Whenever the price of $QR surges to a new all-time high, Jake announces the market opportunity: "By definition, if you've ever bought, you can sell now for a profit. And if you want to do that with some or all of your tokens, you can do that." To the extent humanly possible, he doesn't take it personally.

"I don't think you should be pressured to hold for social reasons," Jake said. If someone offloads $QR, that doesn't mean they aren't rooting for him anymore. "You buy it to sell it, you know? The ultimate goal is to make money," and money is important to people's lives.

Profiting may not be the only reason to buy a project coin, but Jake is right that it's a top concern for most holders. Jake's insight into their priorities balances his determination to act decisively.

Market performance art

About telling people to kick rocks, though. It's still better to avoid, if you can.
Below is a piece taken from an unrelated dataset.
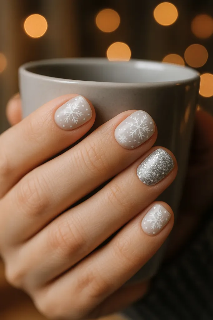 Delicate snowflakes on a soft white base paired with a silver glitter accent nail create a dreamy winter wonderland look.

In June, Jake posted about selling $420 worth of $QR to take his wife out for a fancy dinner. "If this concerns you, you can front-run me," he quipped. The response was positive to the extent that a $QR holder funded the dinner (and others offered as well).

"That was really popular," Jake recalled, "I think because it's kind of refreshing. The combination of the transparency of a sale, plus it's not a large amount, plus it's a wholesome thing."

This anecdote exemplifies Jake's approach: straightforward, unapologetic, and scrupulously open. It also reveals another dimension of the technical-practical liquidity gap: founders must carefully choreograph any sales, even minor ones, to maintain community trust.

Wallets are public, after all. It's not enough to have technical access to funds — founders must navigate the social protocols around using them. They are called to craft narratives around every transaction, guiding the perceptions of token holders. Public company CEOs offer quarterly guidance to investors at earnings calls, but project coins are 24/7, like all of crypto.

At one point, Jake required the native $QR currency for auction bids, in an effort to stockpile the token and create a steady buy pressure. This turned out to be too much friction, detracting from the actual product experience. Later he shifted to opportunistic buybacks as the superior option. This was not perceived as breaking a promise to the community, because 1) Jake has never promised anything, 2) he explained his rationale and the holders agreed that it was sensible.

(As for what he does with the $QR after buying the dip, the project's Farcaster mini app dispenses micropayments to reward users who check in on the day's winning auction link.)

Beyond the first iteration

Project coins represent a genuinely new take on capital formation. Startup funding doesn't have to follow the traditional arc from friends and family to angels to VCs. But like any financial innovation, the first implementations are rarely the final form. $QR is a revealing example of the promises and challenges in action.

Trading mechanics are a significant aspect of practical liquidity, but it is equally crucial to develop sustainable communication frameworks that allow reasonable access to capital without provoking community ire. The gap between technical and practical liquidity relies on social technology — and personal charisma — as much as financial infrastructure.

The real question isn't whether project coins will replace traditional funding, but how they can evolve to better serve both founders and communities. Jake's transparency-first approach with $QR offers one model for navigating these challenges, but the design space remains wide open.